┌──

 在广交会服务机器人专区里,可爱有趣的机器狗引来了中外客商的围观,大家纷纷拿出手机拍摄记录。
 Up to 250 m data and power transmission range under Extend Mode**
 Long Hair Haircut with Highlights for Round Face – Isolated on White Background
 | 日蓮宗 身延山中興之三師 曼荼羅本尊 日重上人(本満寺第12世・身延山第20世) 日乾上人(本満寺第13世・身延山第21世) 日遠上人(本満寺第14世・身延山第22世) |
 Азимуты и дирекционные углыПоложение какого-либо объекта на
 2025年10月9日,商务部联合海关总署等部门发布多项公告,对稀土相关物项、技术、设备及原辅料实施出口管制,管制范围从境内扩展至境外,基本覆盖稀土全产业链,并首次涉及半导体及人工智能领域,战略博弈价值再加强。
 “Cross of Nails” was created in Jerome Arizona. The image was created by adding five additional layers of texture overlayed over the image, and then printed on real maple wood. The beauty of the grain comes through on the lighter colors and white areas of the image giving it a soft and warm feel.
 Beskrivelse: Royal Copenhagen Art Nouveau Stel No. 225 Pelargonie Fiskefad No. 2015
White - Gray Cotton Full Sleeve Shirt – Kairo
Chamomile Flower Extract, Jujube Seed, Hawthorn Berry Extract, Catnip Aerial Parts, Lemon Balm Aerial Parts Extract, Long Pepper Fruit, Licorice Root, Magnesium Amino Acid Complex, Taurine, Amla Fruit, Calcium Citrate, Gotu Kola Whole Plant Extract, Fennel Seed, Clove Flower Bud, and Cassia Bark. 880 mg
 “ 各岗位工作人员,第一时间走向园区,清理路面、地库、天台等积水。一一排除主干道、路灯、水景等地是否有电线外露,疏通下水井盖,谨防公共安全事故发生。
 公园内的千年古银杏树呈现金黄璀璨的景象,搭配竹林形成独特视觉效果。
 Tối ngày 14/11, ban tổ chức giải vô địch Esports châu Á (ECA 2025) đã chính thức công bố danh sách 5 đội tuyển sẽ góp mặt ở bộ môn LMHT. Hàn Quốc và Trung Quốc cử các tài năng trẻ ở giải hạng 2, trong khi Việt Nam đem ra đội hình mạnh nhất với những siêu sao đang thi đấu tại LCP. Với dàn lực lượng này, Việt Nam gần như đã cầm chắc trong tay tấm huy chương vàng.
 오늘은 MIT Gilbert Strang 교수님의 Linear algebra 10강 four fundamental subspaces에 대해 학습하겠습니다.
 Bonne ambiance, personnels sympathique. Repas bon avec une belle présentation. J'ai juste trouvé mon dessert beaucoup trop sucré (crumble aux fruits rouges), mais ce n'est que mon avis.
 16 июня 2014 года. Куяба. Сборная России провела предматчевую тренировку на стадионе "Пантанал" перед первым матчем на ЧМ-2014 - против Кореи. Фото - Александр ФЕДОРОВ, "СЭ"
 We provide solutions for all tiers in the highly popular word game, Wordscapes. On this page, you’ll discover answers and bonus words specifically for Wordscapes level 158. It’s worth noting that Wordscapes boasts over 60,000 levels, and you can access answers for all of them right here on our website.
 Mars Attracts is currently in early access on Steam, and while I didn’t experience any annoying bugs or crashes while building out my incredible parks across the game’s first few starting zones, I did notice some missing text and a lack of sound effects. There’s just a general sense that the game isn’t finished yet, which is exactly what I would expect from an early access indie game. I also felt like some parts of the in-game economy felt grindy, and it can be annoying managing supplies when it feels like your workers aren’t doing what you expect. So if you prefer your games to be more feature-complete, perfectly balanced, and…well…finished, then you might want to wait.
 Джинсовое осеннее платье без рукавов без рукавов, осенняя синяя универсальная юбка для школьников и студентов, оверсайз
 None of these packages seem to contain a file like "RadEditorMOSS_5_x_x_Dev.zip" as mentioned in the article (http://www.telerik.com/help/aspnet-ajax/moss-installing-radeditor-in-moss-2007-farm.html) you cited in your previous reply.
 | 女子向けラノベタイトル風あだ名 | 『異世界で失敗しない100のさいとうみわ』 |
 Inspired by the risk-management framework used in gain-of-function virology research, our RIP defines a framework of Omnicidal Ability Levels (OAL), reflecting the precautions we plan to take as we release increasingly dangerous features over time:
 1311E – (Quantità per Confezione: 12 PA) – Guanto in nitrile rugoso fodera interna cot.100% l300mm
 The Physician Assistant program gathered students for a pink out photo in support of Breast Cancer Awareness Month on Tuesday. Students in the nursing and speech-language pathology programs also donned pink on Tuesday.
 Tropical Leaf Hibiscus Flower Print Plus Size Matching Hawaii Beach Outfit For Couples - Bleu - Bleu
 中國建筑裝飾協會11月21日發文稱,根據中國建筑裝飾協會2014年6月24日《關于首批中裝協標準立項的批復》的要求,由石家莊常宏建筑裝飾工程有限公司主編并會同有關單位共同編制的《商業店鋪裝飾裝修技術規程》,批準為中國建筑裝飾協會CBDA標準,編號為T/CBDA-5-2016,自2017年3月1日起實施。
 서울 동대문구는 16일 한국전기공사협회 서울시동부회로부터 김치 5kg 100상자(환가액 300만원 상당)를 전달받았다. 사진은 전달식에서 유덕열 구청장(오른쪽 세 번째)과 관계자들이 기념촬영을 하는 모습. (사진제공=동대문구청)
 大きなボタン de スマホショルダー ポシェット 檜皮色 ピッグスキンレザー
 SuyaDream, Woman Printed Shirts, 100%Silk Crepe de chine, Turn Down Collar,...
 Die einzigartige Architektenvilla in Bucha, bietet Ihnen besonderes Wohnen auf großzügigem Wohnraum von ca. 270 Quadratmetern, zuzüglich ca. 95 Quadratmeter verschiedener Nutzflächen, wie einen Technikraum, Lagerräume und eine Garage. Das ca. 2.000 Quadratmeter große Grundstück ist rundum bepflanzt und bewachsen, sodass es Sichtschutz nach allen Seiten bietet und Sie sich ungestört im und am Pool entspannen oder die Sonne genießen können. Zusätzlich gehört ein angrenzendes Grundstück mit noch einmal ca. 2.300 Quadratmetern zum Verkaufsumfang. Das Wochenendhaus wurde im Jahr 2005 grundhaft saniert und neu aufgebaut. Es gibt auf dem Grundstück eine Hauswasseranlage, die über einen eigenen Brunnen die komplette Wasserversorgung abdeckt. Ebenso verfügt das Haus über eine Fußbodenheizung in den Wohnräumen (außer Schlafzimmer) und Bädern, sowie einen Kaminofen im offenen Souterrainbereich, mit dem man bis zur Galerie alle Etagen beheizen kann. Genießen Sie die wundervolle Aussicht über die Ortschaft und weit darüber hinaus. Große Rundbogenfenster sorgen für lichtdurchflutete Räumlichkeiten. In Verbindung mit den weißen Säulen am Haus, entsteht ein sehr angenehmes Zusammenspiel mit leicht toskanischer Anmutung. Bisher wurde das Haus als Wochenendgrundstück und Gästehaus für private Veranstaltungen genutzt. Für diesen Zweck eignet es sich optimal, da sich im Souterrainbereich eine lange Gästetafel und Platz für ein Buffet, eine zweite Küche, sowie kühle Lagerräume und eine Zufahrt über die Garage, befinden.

└──

Task instructions - Write out exactly the lines that fall from the line with "Long Hair Haircut" to the line with "公园内的千年古银杏树呈现金黄璀璨的景象,搭配竹林形成独特视觉效果。" in the records above, keeping both ends.

Response to this exercise -
 Long Hair Haircut with Highlights for Round Face – Isolated on White Background
 | 日蓮宗 身延山中興之三師 曼荼羅本尊 日重上人(本満寺第12世・身延山第20世) 日乾上人(本満寺第13世・身延山第21世) 日遠上人(本満寺第14世・身延山第22世) |
 Азимуты и дирекционные углыПоложение какого-либо объекта на
 2025年10月9日,商务部联合海关总署等部门发布多项公告,对稀土相关物项、技术、设备及原辅料实施出口管制,管制范围从境内扩展至境外,基本覆盖稀土全产业链,并首次涉及半导体及人工智能领域,战略博弈价值再加强。
 “Cross of Nails” was created in Jerome Arizona. The image was created by adding five additional layers of texture overlayed over the image, and then printed on real maple wood. The beauty of the grain comes through on the lighter colors and white areas of the image giving it a soft and warm feel.
 Beskrivelse: Royal Copenhagen Art Nouveau Stel No. 225 Pelargonie Fiskefad No. 2015
White - Gray Cotton Full Sleeve Shirt – Kairo
Chamomile Flower Extract, Jujube Seed, Hawthorn Berry Extract, Catnip Aerial Parts, Lemon Balm Aerial Parts Extract, Long Pepper Fruit, Licorice Root, Magnesium Amino Acid Complex, Taurine, Amla Fruit, Calcium Citrate, Gotu Kola Whole Plant Extract, Fennel Seed, Clove Flower Bud, and Cassia Bark. 880 mg
 “ 各岗位工作人员,第一时间走向园区,清理路面、地库、天台等积水。一一排除主干道、路灯、水景等地是否有电线外露,疏通下水井盖,谨防公共安全事故发生。
 公园内的千年古银杏树呈现金黄璀璨的景象,搭配竹林形成独特视觉效果。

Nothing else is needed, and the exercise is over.